┏━━
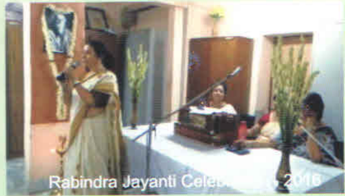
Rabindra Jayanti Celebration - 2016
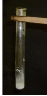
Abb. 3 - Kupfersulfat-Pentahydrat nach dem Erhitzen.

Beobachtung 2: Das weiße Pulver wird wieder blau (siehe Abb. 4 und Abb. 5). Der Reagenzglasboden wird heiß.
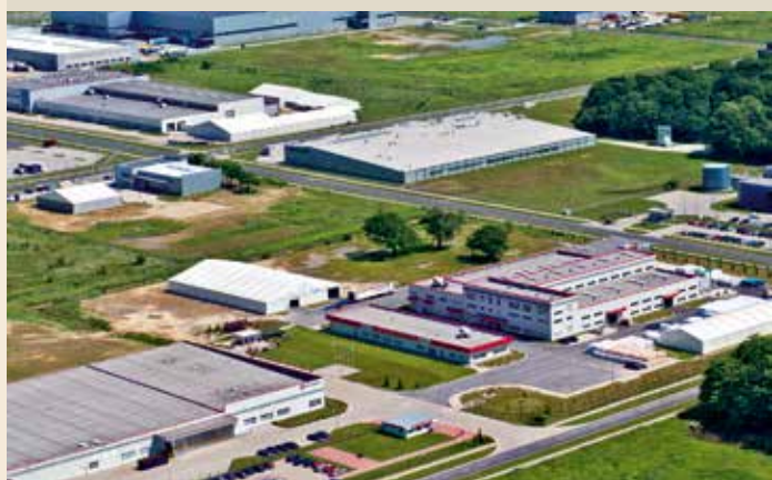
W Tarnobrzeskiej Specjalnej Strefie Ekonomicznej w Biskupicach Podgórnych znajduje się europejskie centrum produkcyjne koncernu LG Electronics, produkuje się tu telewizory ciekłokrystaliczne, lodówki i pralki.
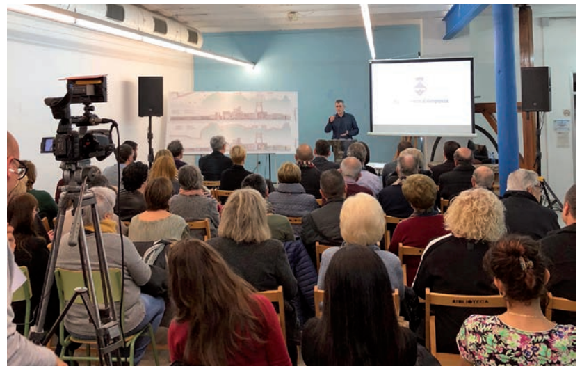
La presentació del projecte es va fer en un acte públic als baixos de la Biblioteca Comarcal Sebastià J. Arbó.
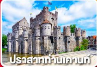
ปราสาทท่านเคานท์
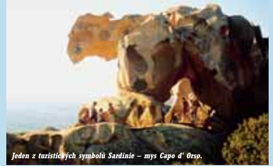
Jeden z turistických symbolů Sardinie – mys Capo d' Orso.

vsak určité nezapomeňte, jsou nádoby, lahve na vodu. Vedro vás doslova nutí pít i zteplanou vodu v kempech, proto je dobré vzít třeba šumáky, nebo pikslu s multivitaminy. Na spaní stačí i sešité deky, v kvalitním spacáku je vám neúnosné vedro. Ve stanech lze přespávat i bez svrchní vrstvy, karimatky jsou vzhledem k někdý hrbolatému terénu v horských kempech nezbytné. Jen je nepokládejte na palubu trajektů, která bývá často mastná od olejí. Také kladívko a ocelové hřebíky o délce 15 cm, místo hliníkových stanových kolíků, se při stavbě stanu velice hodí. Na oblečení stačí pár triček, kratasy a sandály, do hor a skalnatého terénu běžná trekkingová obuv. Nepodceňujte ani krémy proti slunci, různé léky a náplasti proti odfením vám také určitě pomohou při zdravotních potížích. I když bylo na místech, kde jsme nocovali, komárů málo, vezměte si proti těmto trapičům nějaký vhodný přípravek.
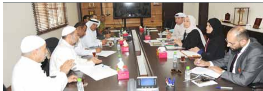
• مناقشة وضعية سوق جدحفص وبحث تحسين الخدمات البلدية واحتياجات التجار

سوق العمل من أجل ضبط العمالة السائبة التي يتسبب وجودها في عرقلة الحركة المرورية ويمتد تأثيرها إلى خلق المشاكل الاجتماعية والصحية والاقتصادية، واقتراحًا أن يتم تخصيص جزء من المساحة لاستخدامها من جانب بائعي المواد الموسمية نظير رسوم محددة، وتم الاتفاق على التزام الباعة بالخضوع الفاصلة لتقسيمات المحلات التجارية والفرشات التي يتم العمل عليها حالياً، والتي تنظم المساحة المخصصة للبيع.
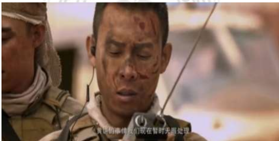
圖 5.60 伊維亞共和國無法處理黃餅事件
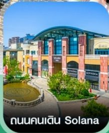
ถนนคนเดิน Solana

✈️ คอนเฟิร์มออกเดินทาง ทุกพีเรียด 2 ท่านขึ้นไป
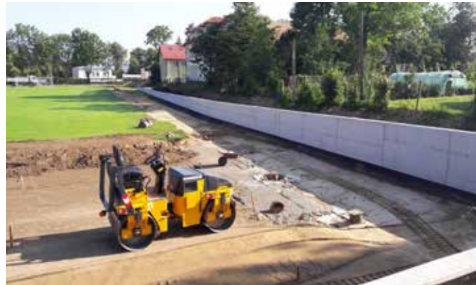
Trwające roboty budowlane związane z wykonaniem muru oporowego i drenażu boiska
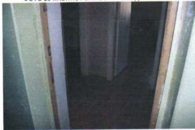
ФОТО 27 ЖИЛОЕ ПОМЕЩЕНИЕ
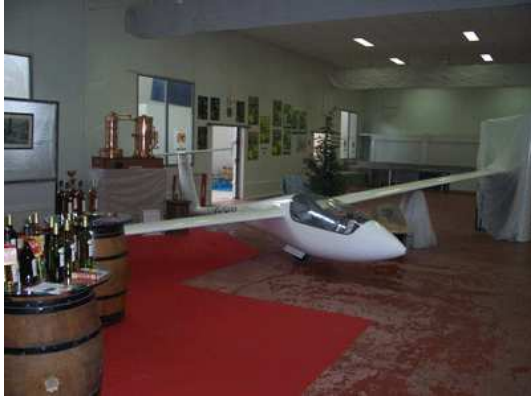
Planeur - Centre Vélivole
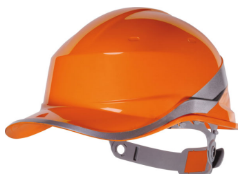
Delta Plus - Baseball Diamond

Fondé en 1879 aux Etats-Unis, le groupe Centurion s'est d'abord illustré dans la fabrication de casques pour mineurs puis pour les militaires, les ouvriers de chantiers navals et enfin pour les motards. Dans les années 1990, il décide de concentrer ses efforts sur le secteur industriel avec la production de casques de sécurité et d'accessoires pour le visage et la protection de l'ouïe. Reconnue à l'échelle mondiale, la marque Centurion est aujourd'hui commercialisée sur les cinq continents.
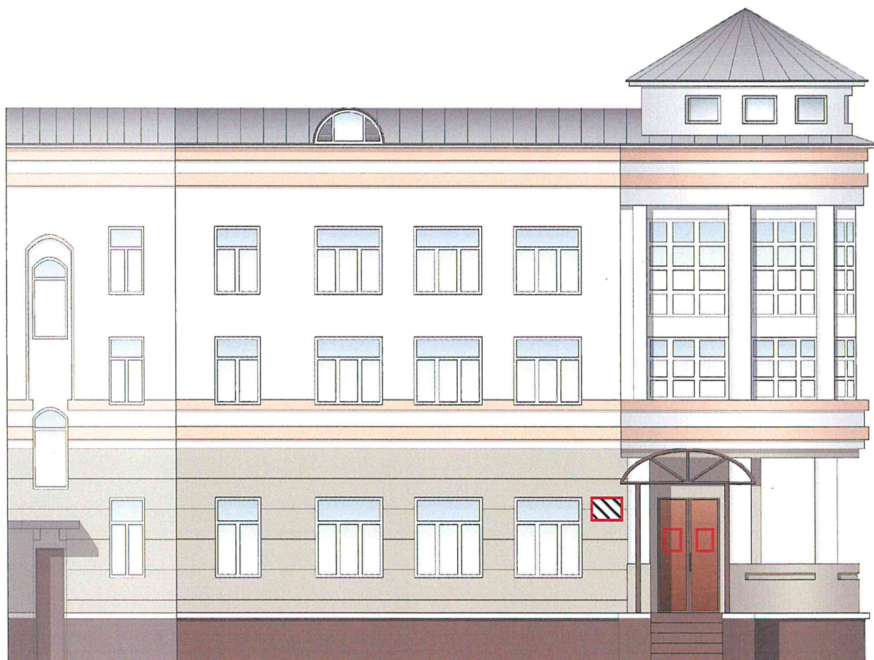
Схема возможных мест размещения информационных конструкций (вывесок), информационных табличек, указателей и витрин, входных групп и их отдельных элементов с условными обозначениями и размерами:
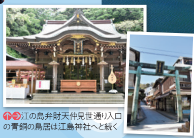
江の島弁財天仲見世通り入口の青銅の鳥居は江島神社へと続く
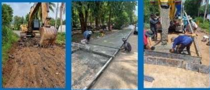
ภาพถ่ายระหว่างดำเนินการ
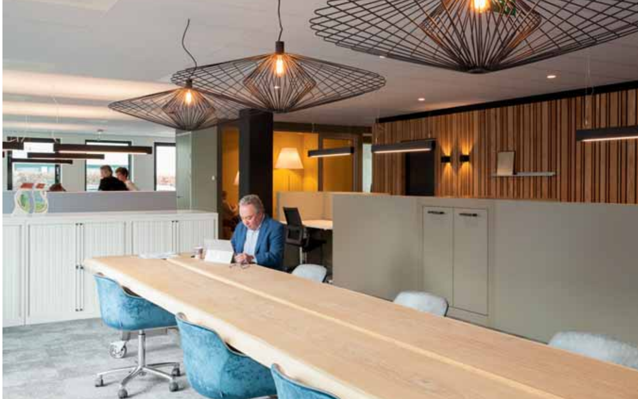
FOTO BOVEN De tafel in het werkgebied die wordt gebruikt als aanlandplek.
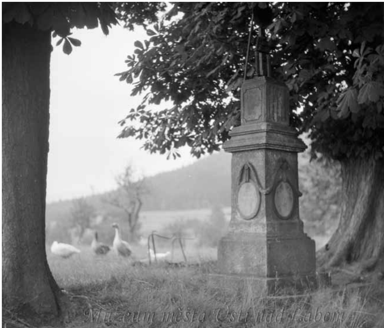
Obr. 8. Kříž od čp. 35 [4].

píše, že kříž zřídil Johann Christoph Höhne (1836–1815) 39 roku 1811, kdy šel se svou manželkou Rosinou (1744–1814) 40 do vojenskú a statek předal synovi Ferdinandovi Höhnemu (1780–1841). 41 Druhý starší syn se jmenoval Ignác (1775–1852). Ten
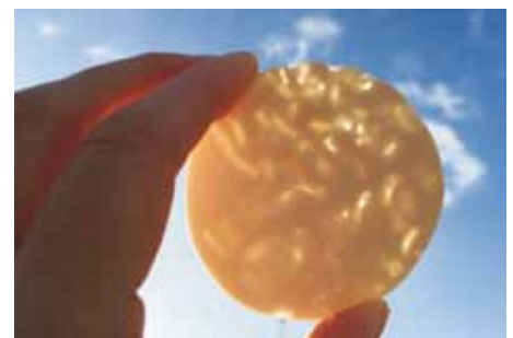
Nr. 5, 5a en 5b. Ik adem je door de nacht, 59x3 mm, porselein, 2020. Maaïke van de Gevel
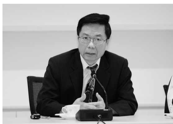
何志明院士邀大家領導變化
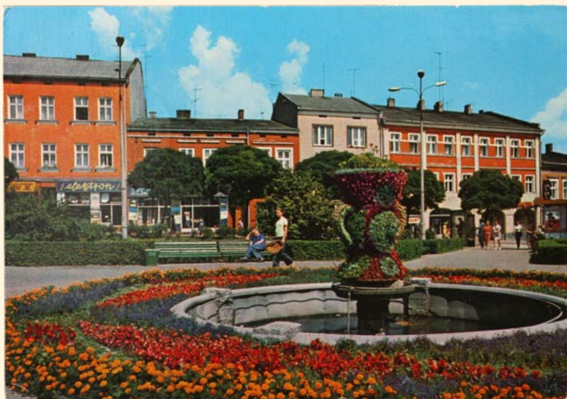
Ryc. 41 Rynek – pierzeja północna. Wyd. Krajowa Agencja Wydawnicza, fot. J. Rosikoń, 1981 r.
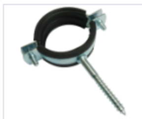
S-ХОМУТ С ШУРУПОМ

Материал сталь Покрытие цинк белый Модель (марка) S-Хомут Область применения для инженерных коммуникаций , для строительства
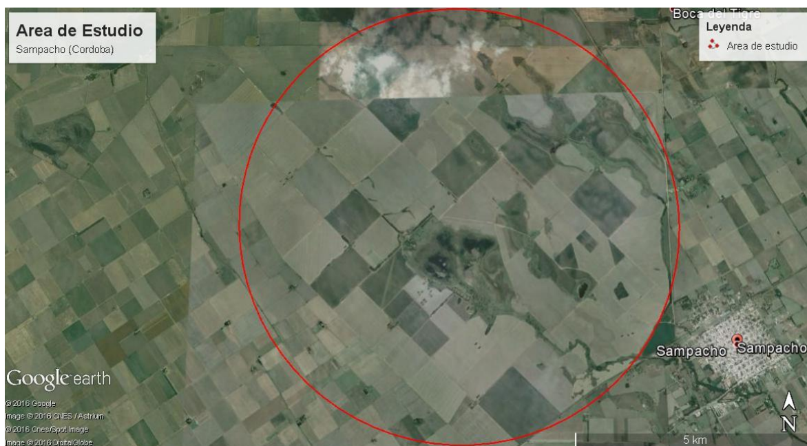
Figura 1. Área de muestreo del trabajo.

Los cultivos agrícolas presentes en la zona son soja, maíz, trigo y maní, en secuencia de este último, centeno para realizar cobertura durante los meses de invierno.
┗━━
* **TASK OBJECTIVE**: Exact repetition of all entries is required. The pictures should not appear.

* **WRITTEN RESPONSE**:
Rabindra Jayanti Celebration - 2016
Abb. 3 - Kupfersulfat-Pentahydrat nach dem Erhitzen.

Beobachtung 2: Das weiße Pulver wird wieder blau (siehe Abb. 4 und Abb. 5). Der Reagenzglasboden wird heiß.
W Tarnobrzeskiej Specjalnej Strefie Ekonomicznej w Biskupicach Podgórnych znajduje się europejskie centrum produkcyjne koncernu LG Electronics, produkuje się tu telewizory ciekłokrystaliczne, lodówki i pralki.
La presentació del projecte es va fer en un acte públic als baixos de la Biblioteca Comarcal Sebastià J. Arbó.
ปราสาทท่านเคานท์
Jeden z turistických symbolů Sardinie – mys Capo d' Orso.

vsak určité nezapomeňte, jsou nádoby, lahve na vodu. Vedro vás doslova nutí pít i zteplanou vodu v kempech, proto je dobré vzít třeba šumáky, nebo pikslu s multivitaminy. Na spaní stačí i sešité deky, v kvalitním spacáku je vám neúnosné vedro. Ve stanech lze přespávat i bez svrchní vrstvy, karimatky jsou vzhledem k někdý hrbolatému terénu v horských kempech nezbytné. Jen je nepokládejte na palubu trajektů, která bývá často mastná od olejí. Také kladívko a ocelové hřebíky o délce 15 cm, místo hliníkových stanových kolíků, se při stavbě stanu velice hodí. Na oblečení stačí pár triček, kratasy a sandály, do hor a skalnatého terénu běžná trekkingová obuv. Nepodceňujte ani krémy proti slunci, různé léky a náplasti proti odfením vám také určitě pomohou při zdravotních potížích. I když bylo na místech, kde jsme nocovali, komárů málo, vezměte si proti těmto trapičům nějaký vhodný přípravek.
• مناقشة وضعية سوق جدحفص وبحث تحسين الخدمات البلدية واحتياجات التجار

سوق العمل من أجل ضبط العمالة السائبة التي يتسبب وجودها في عرقلة الحركة المرورية ويمتد تأثيرها إلى خلق المشاكل الاجتماعية والصحية والاقتصادية، واقتراحًا أن يتم تخصيص جزء من المساحة لاستخدامها من جانب بائعي المواد الموسمية نظير رسوم محددة، وتم الاتفاق على التزام الباعة بالخضوع الفاصلة لتقسيمات المحلات التجارية والفرشات التي يتم العمل عليها حالياً، والتي تنظم المساحة المخصصة للبيع.
圖 5.60 伊維亞共和國無法處理黃餅事件
ถนนคนเดิน Solana

✈️ คอนเฟิร์มออกเดินทาง ทุกพีเรียด 2 ท่านขึ้นไป
Trwające roboty budowlane związane z wykonaniem muru oporowego i drenażu boiska
ФОТО 27 ЖИЛОЕ ПОМЕЩЕНИЕ
Planeur - Centre Vélivole
Delta Plus - Baseball Diamond

Fondé en 1879 aux Etats-Unis, le groupe Centurion s'est d'abord illustré dans la fabrication de casques pour mineurs puis pour les militaires, les ouvriers de chantiers navals et enfin pour les motards. Dans les années 1990, il décide de concentrer ses efforts sur le secteur industriel avec la production de casques de sécurité et d'accessoires pour le visage et la protection de l'ouïe. Reconnue à l'échelle mondiale, la marque Centurion est aujourd'hui commercialisée sur les cinq continents.
Схема возможных мест размещения информационных конструкций (вывесок), информационных табличек, указателей и витрин, входных групп и их отдельных элементов с условными обозначениями и размерами:
江の島弁財天仲見世通り入口の青銅の鳥居は江島神社へと続く
ภาพถ่ายระหว่างดำเนินการ
FOTO BOVEN De tafel in het werkgebied die wordt gebruikt als aanlandplek.
Obr. 8. Kříž od čp. 35 [4].

píše, že kříž zřídil Johann Christoph Höhne (1836–1815) 39 roku 1811, kdy šel se svou manželkou Rosinou (1744–1814) 40 do vojenskú a statek předal synovi Ferdinandovi Höhnemu (1780–1841). 41 Druhý starší syn se jmenoval Ignác (1775–1852). Ten
Nr. 5, 5a en 5b. Ik adem je door de nacht, 59x3 mm, porselein, 2020. Maaïke van de Gevel
何志明院士邀大家領導變化
Ryc. 41 Rynek – pierzeja północna. Wyd. Krajowa Agencja Wydawnicza, fot. J. Rosikoń, 1981 r.
S-ХОМУТ С ШУРУПОМ

Материал сталь Покрытие цинк белый Модель (марка) S-Хомут Область применения для инженерных коммуникаций , для строительства
Figura 1. Área de muestreo del trabajo.

Los cultivos agrícolas presentes en la zona son soja, maíz, trigo y maní, en secuencia de este último, centeno para realizar cobertura durante los meses de invierno.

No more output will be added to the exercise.